■ Task ■
Every line from the one holding "班主任代表林海偉老師分享個(gè)人經(jīng)歷,從" through the one holding "Bir anda patlak" in the data below must be returned exactly, both ends included, with pictures left out and nothing else added.

■ Task inputs ■

= Beginning of Section =

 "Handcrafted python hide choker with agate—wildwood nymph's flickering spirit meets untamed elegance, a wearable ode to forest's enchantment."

= End of Section =
= Beginning of Section =

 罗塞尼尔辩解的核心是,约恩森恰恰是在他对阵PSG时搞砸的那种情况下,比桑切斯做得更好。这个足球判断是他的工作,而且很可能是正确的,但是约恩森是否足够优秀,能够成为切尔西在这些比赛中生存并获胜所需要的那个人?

= End of Section =
= Beginning of Section =

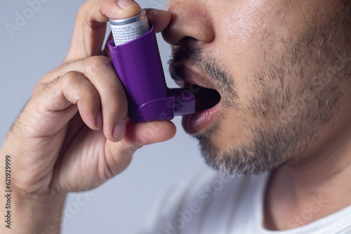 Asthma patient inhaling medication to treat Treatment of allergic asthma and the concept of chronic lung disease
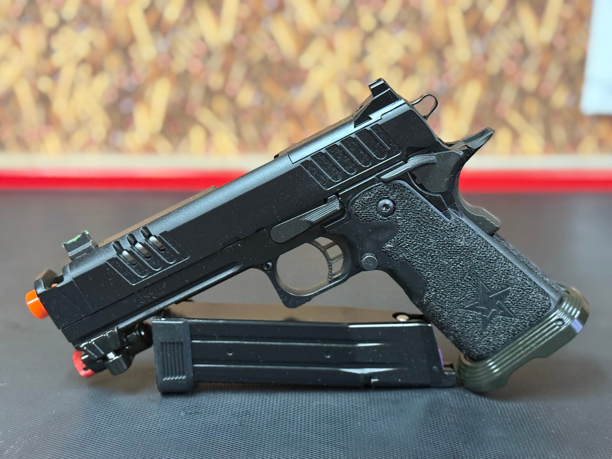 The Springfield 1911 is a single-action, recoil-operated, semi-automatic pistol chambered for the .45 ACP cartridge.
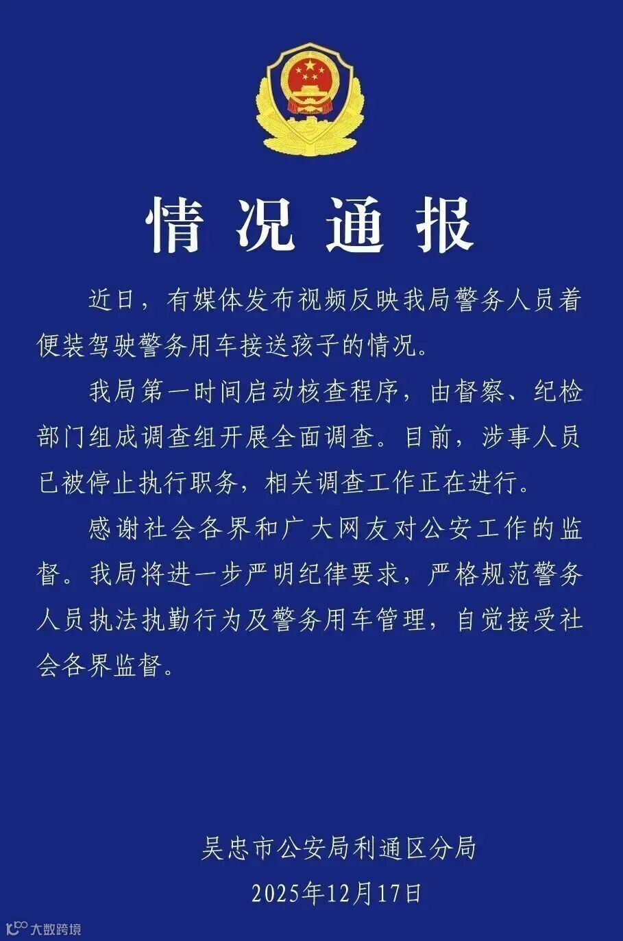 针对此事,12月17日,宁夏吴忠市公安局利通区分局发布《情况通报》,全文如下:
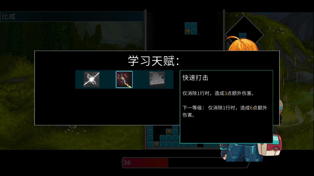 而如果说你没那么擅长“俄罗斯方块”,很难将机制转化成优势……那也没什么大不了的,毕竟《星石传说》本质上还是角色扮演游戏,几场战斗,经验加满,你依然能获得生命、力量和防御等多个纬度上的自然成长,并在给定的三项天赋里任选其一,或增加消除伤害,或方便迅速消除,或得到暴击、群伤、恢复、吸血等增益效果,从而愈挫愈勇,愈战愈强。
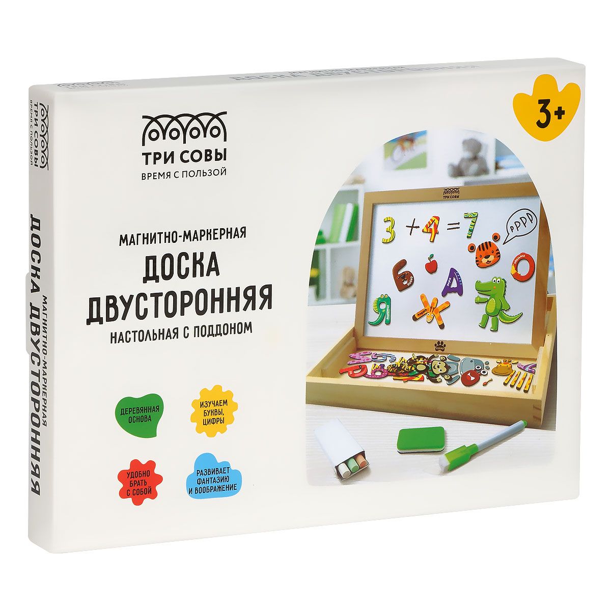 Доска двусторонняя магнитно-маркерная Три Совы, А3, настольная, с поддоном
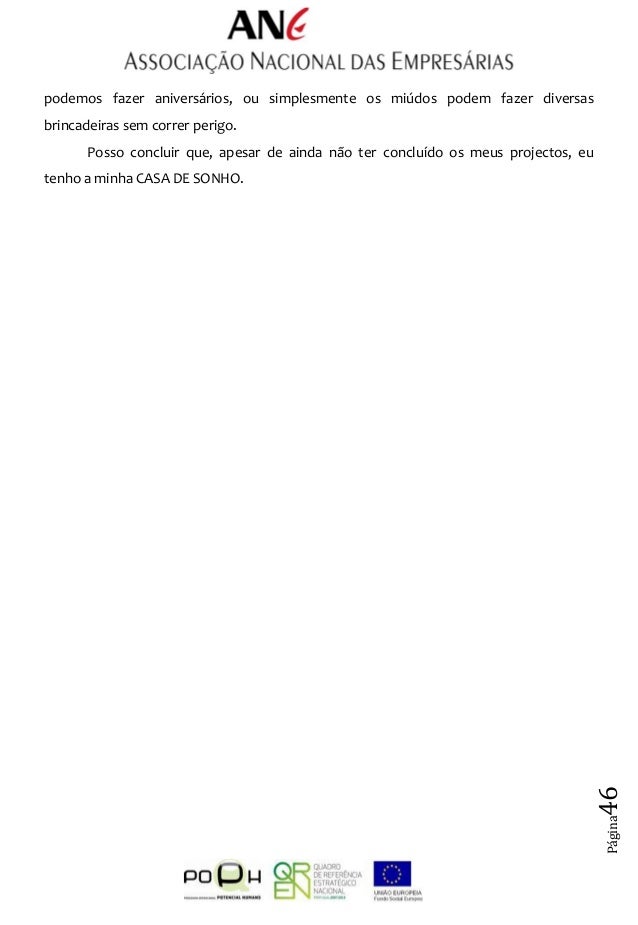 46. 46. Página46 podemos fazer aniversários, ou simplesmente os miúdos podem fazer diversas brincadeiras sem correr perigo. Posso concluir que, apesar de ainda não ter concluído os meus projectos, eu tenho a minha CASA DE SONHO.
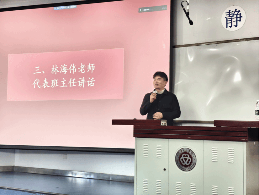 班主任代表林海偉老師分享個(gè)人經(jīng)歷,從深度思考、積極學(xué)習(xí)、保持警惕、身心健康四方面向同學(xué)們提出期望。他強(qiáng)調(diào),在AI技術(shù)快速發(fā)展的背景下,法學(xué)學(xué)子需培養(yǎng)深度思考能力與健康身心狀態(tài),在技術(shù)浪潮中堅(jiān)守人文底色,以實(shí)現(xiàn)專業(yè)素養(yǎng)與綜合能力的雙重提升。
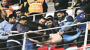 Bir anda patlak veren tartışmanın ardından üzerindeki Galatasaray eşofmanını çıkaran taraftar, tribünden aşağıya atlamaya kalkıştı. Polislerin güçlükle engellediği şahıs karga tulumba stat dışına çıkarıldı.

= End of Section =

■ Output ■
 班主任代表林海偉老師分享個(gè)人經(jīng)歷,從深度思考、積極學(xué)習(xí)、保持警惕、身心健康四方面向同學(xué)們提出期望。他強(qiáng)調(diào),在AI技術(shù)快速發(fā)展的背景下,法學(xué)學(xué)子需培養(yǎng)深度思考能力與健康身心狀態(tài),在技術(shù)浪潮中堅(jiān)守人文底色,以實(shí)現(xiàn)專業(yè)素養(yǎng)與綜合能力的雙重提升。
 Bir anda patlak veren tartışmanın ardından üzerindeki Galatasaray eşofmanını çıkaran taraftar, tribünden aşağıya atlamaya kalkıştı. Polislerin güçlükle engellediği şahıs karga tulumba stat dışına çıkarıldı.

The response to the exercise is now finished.